2. What is meant by land use?

The word ‘use’ in the term ‘land use ’ refers specifically the purposes for which land is occupied or managed for human ends. How land use is categorised varies according what it is being categorised for, but common examples include type of cropland, pasture , and settlements.

Under this typology, land that is not being used by humans for any purpose is often designated as being ‘wild’ or ‘natural’ land. Land that is only lightly used by humans, with little disturbance of the natural processes that take place on it is often designated as ‘semi-natural’.

3. What is direct / indirect land use?

The causes of land use within food systems can be looked at from multiple perspectives.

The direct cause of land use refers to a specific piece of land and how it is being used at a specific moment in time. 

Indirect land use differs from direct land use, in that the point at which the 'use' happens takes place later in the value chain, when a product that has required the use of land in order to produce it, is consumed or used by some other process.

The example of cows being fed on both pasture and animal feed to produce milk, provides an illustration of the difference. In this case, cows directly use the pasture land in order to obtain sustenance and to produce milk. At the same time, cows indirectly use cropland to produce milk, via the supplemental feed that they consume.

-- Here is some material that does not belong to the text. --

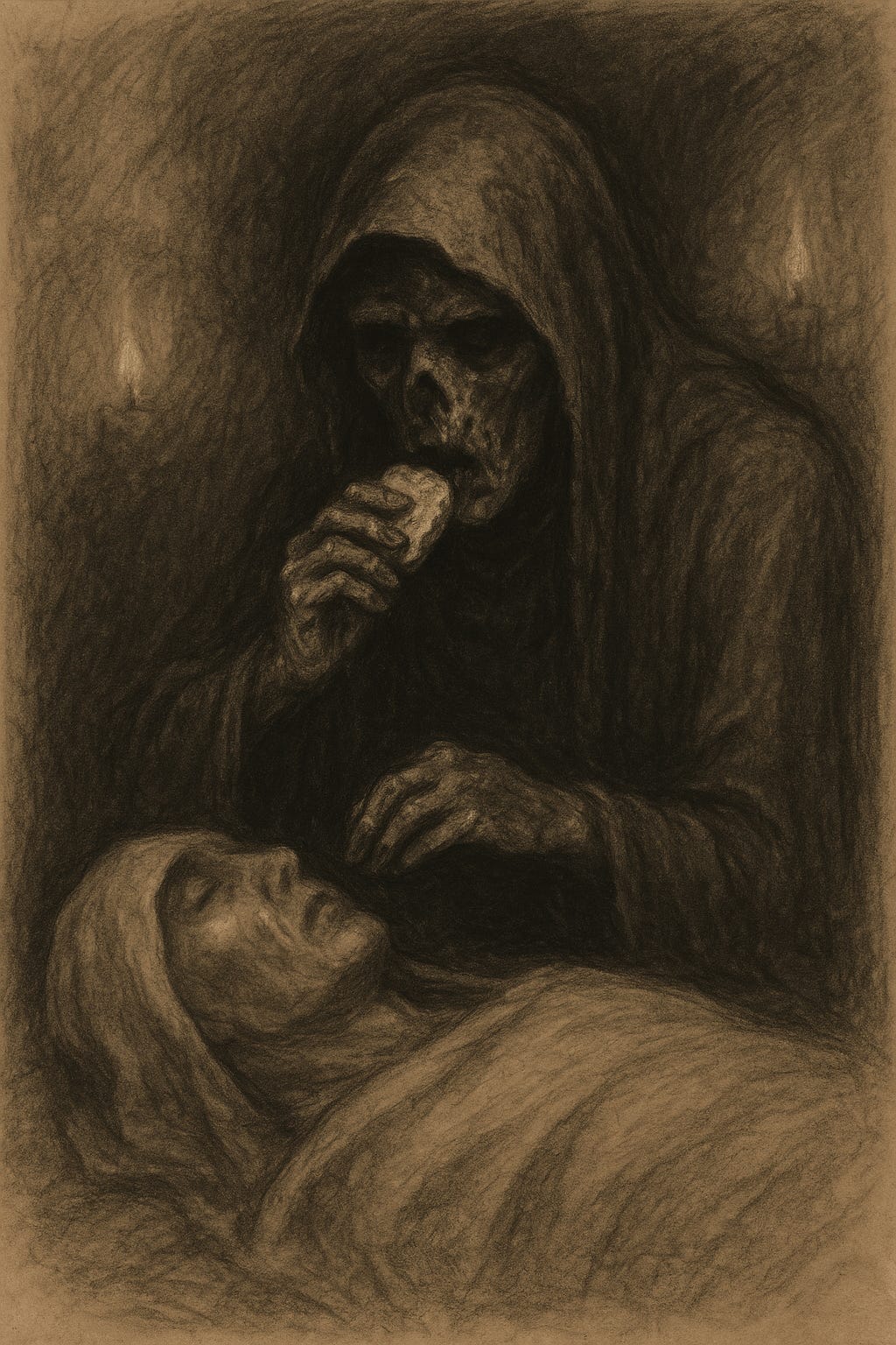 No one was ever formally called a "sin-eater." But the role was there, in everything but name: in the woman who washed the dead and wouldnât speak for days, in the neighbour who sat vigil in silence, then left before dawn. In the food left uneaten. In the eyes that avoided the coffin.

4. What is land use change?

Land use change simply refers to the conversion of a piece of land's use by humans, from one purpose to another. For example, land may be converted from cropland to grassland, or from wild land (e.g. tropical forests) to human-specific land uses (e.g. palm oil plantations). Certain types of land use change have well known words associated with them, such as deforestation . afforestation, or rewilding

5. What is direct / indirect land use change?

5.1 Direct land use change

As with direct land use, direct land use change refers to a specific piece of land, whose use has been converted by humans from one purpose to another. For example, a piece of land used for forestry might be deforested and then replaced by new cropland.

Figure 2 below illustrates the concepts of both direct and indirect land use change. Direct land use change is shown in the middle column, which shows new cropland for bioenergy replacing forest and rangeland in Region 1.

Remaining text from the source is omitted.